→ **EXERCISE DATA**
::::::
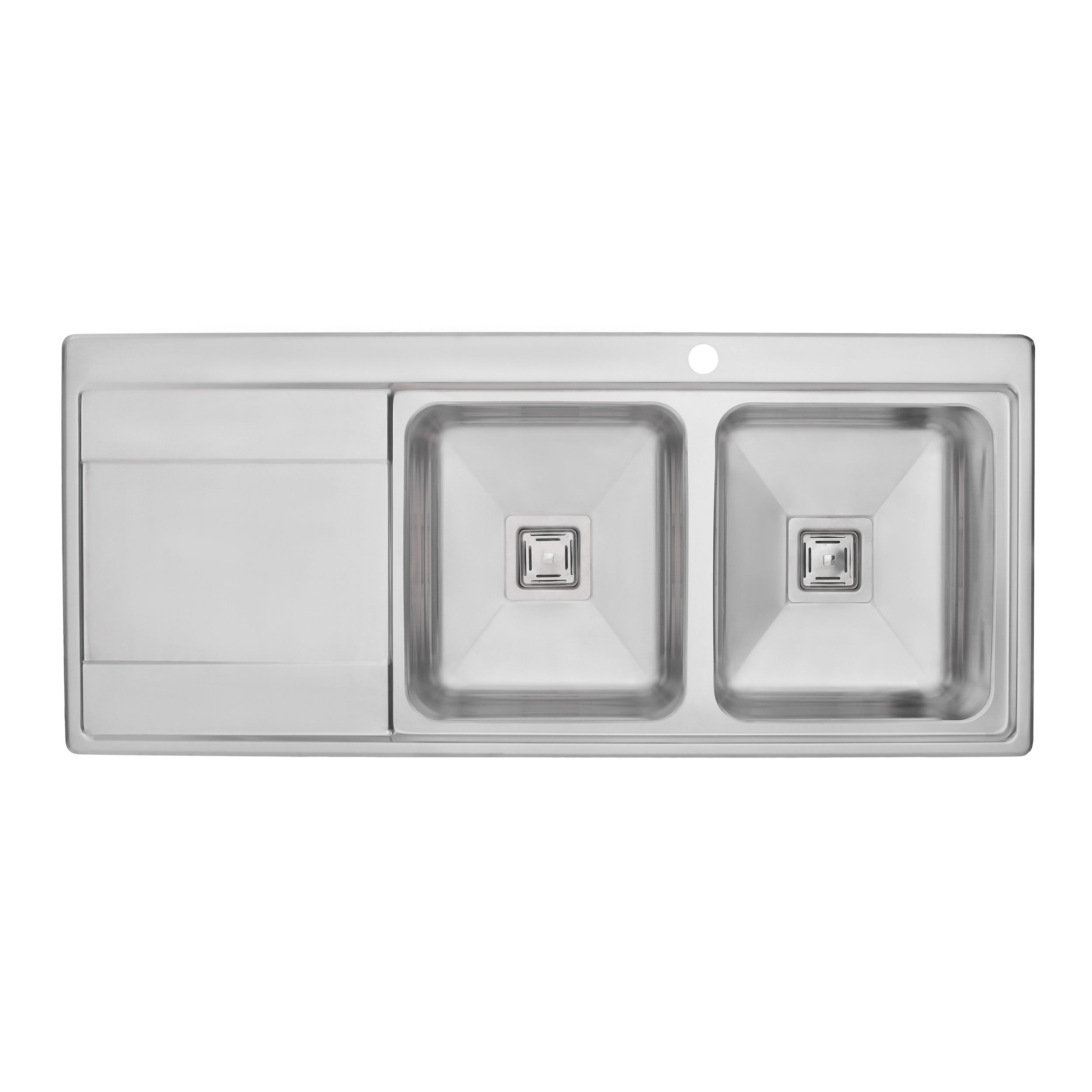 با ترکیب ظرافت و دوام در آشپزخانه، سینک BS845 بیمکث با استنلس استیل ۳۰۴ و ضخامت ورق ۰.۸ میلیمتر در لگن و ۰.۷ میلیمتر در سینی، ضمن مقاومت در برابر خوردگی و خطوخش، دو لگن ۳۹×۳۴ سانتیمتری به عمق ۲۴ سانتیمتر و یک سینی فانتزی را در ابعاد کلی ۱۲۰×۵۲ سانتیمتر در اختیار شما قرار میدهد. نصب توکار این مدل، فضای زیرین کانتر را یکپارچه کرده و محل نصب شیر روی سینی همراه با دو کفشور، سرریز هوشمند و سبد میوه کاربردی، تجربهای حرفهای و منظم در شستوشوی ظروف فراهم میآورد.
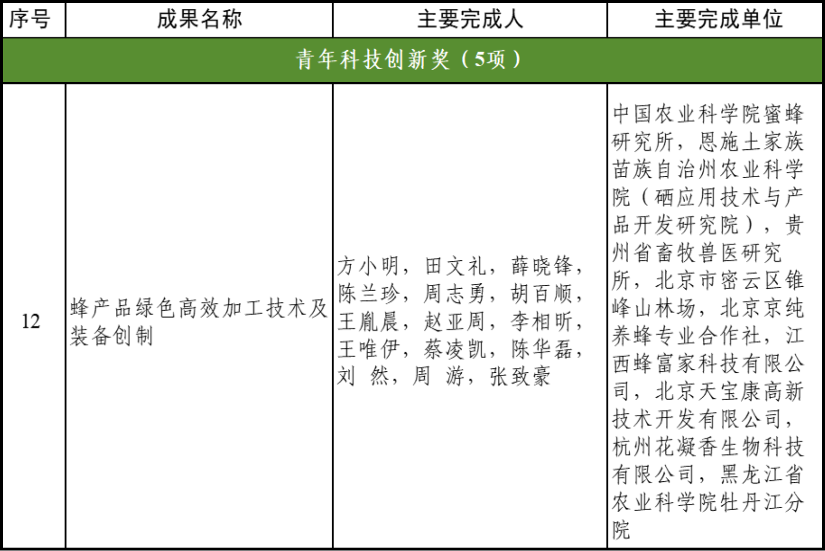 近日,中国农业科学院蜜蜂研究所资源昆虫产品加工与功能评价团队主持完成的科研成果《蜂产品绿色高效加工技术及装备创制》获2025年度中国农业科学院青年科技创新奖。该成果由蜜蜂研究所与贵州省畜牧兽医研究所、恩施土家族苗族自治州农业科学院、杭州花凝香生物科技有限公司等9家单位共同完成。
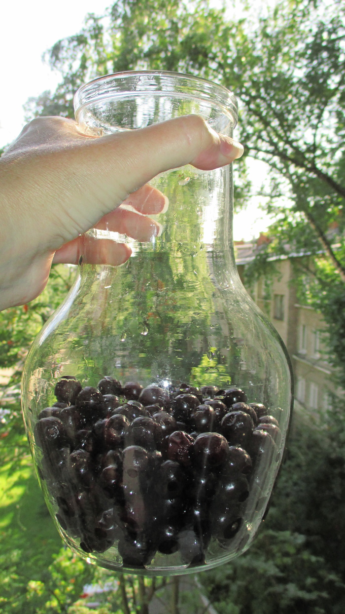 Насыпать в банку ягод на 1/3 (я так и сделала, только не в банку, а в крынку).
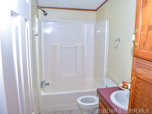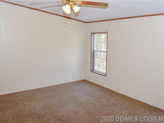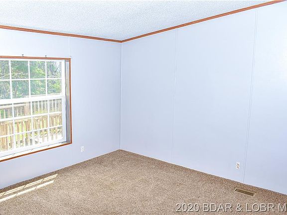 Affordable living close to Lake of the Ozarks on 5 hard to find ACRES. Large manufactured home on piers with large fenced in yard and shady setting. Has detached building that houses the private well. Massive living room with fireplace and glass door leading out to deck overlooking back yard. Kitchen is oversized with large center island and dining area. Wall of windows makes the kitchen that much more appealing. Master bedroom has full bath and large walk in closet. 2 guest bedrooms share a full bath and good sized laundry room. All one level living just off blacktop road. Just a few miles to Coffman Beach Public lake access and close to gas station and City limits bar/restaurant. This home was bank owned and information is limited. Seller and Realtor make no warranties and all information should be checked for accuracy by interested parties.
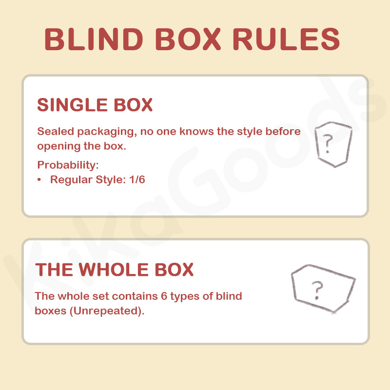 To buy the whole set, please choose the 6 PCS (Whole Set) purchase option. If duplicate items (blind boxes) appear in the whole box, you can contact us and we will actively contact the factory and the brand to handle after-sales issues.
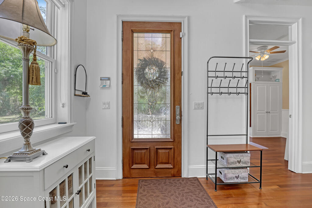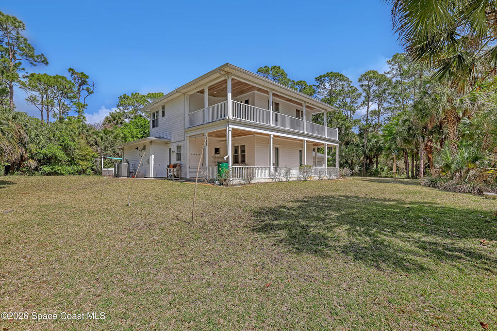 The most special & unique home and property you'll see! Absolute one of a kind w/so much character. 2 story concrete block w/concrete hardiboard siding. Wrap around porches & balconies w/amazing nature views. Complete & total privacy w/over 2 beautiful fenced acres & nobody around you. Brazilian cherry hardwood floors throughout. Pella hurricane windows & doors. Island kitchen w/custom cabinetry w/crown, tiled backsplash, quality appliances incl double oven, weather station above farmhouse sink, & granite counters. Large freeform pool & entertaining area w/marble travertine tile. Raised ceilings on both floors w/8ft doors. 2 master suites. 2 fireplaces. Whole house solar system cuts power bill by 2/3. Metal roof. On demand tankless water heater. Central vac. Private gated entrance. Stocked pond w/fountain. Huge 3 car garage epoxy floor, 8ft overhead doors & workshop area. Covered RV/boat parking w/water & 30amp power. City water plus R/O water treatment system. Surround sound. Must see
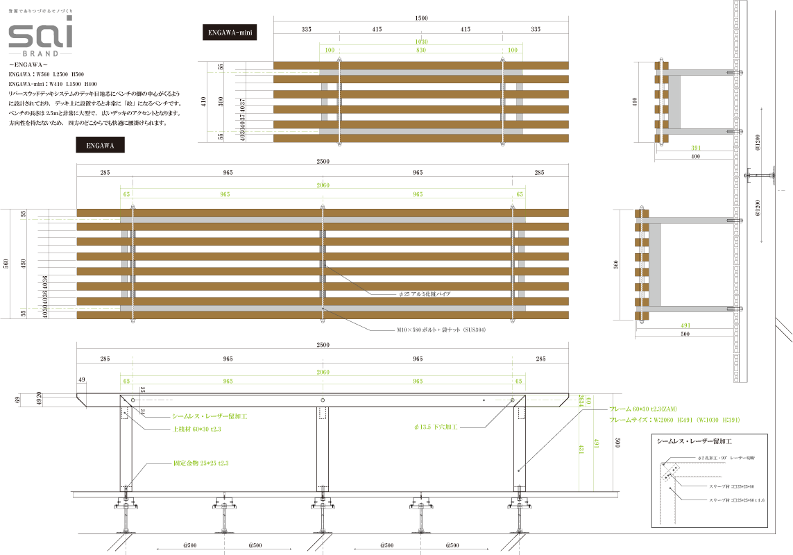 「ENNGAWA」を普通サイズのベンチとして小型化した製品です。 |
::::::
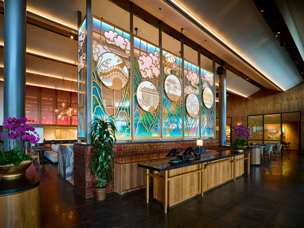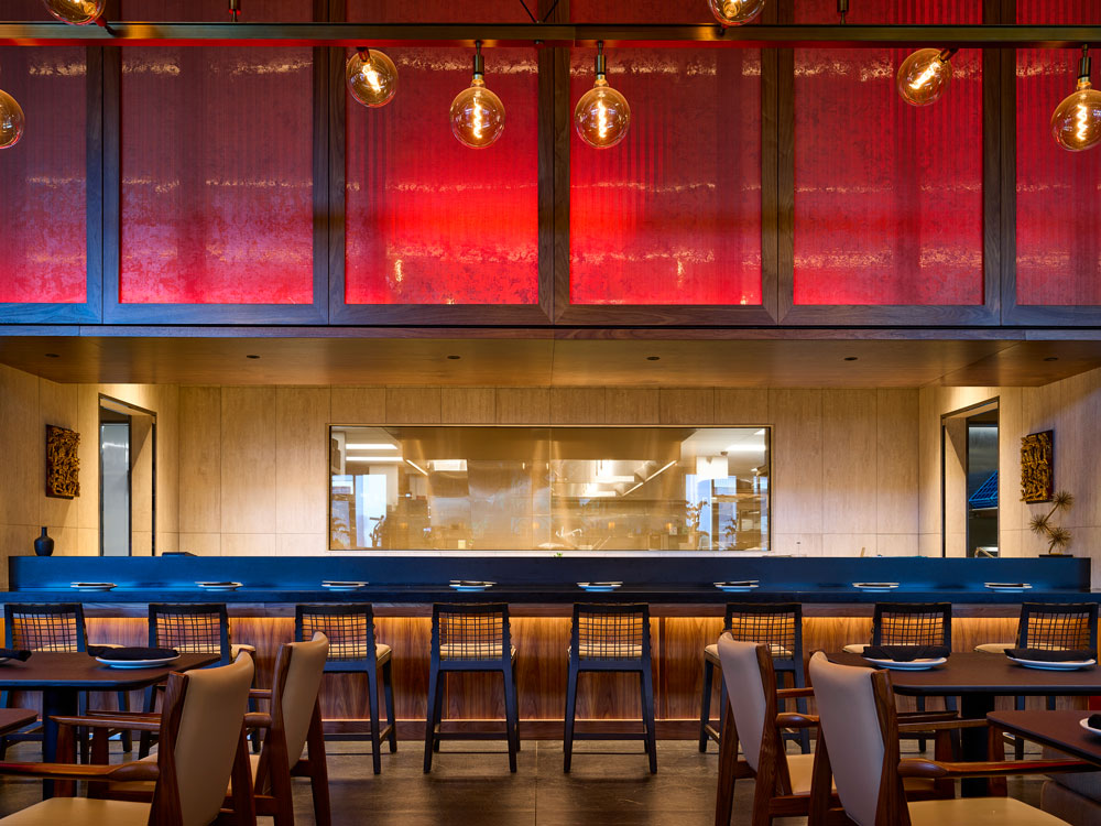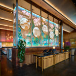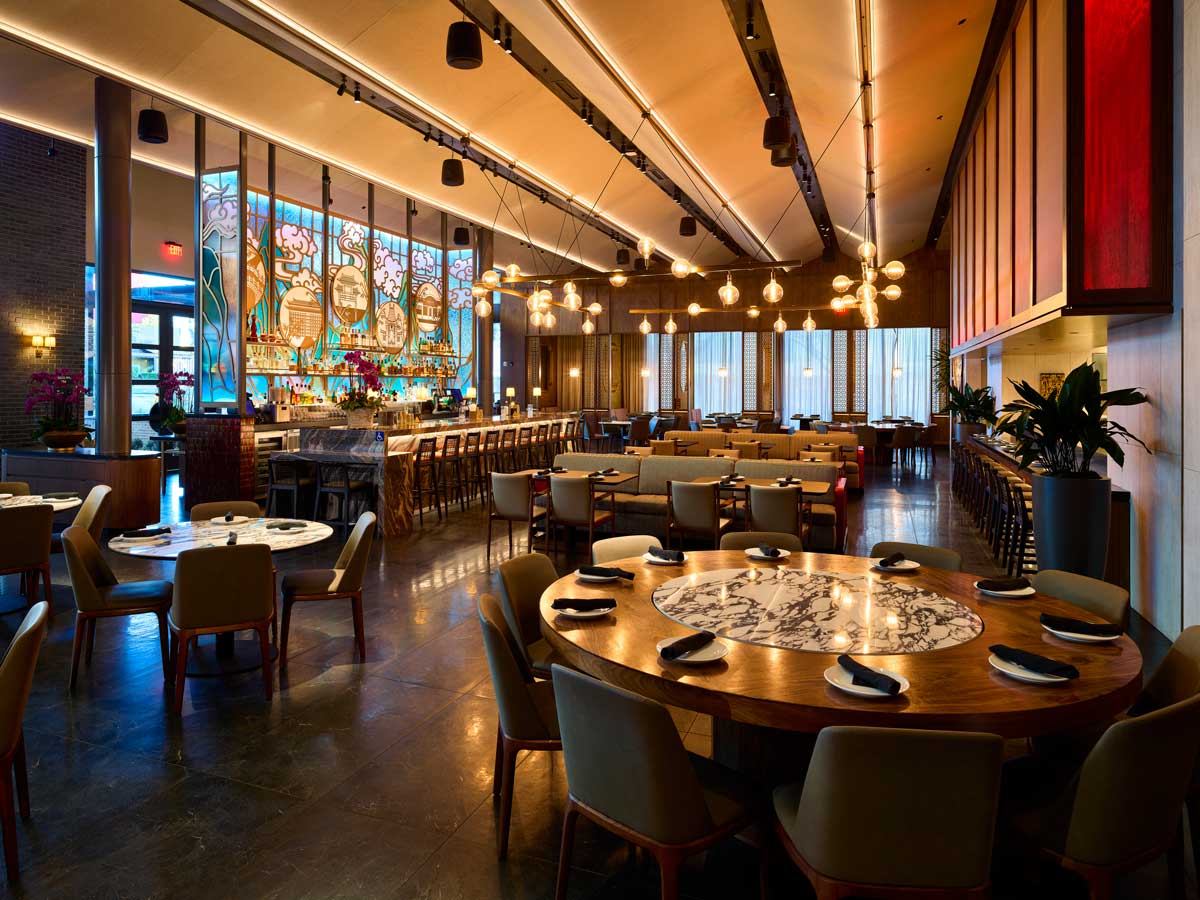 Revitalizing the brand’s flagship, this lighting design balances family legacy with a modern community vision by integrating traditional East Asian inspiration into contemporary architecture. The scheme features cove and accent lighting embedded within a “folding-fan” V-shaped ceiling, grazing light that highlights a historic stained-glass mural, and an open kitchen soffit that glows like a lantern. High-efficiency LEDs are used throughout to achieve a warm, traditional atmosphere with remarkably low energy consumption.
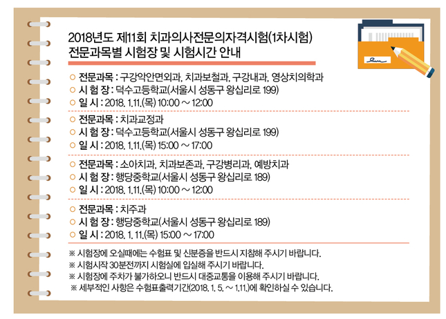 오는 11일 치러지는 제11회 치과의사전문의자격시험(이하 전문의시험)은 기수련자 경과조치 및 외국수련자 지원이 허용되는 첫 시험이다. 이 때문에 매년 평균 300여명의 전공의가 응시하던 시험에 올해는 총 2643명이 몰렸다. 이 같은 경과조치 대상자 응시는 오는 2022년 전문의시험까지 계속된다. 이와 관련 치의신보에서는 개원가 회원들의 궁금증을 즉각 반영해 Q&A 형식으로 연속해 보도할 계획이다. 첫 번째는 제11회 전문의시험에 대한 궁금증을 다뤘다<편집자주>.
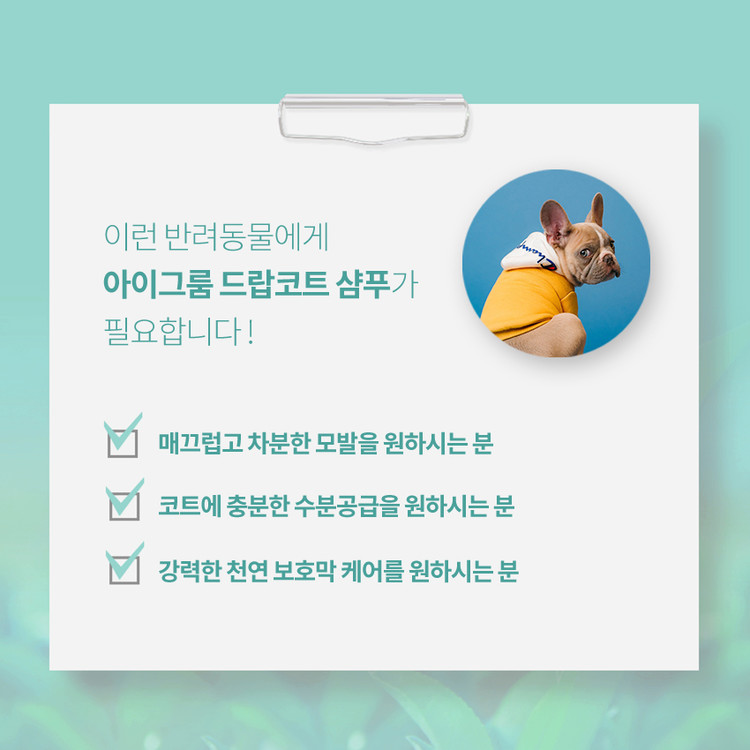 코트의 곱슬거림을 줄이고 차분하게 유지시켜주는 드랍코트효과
::::::
→ **YOUR GOAL**
Pictures in the entries do not go into the copy. Print only the lines starting at the one containing "Revitalizing the brand’s" and ending at the one containing "코트의 곱슬거림을 줄이고 차분하게 유지시켜주는 드랍코트효과", exactly as they appear.

→ **EXPECTED ANSWER**
 Revitalizing the brand’s flagship, this lighting design balances family legacy with a modern community vision by integrating traditional East Asian inspiration into contemporary architecture. The scheme features cove and accent lighting embedded within a “folding-fan” V-shaped ceiling, grazing light that highlights a historic stained-glass mural, and an open kitchen soffit that glows like a lantern. High-efficiency LEDs are used throughout to achieve a warm, traditional atmosphere with remarkably low energy consumption.
 오는 11일 치러지는 제11회 치과의사전문의자격시험(이하 전문의시험)은 기수련자 경과조치 및 외국수련자 지원이 허용되는 첫 시험이다. 이 때문에 매년 평균 300여명의 전공의가 응시하던 시험에 올해는 총 2643명이 몰렸다. 이 같은 경과조치 대상자 응시는 오는 2022년 전문의시험까지 계속된다. 이와 관련 치의신보에서는 개원가 회원들의 궁금증을 즉각 반영해 Q&A 형식으로 연속해 보도할 계획이다. 첫 번째는 제11회 전문의시험에 대한 궁금증을 다뤘다<편집자주>.
 코트의 곱슬거림을 줄이고 차분하게 유지시켜주는 드랍코트효과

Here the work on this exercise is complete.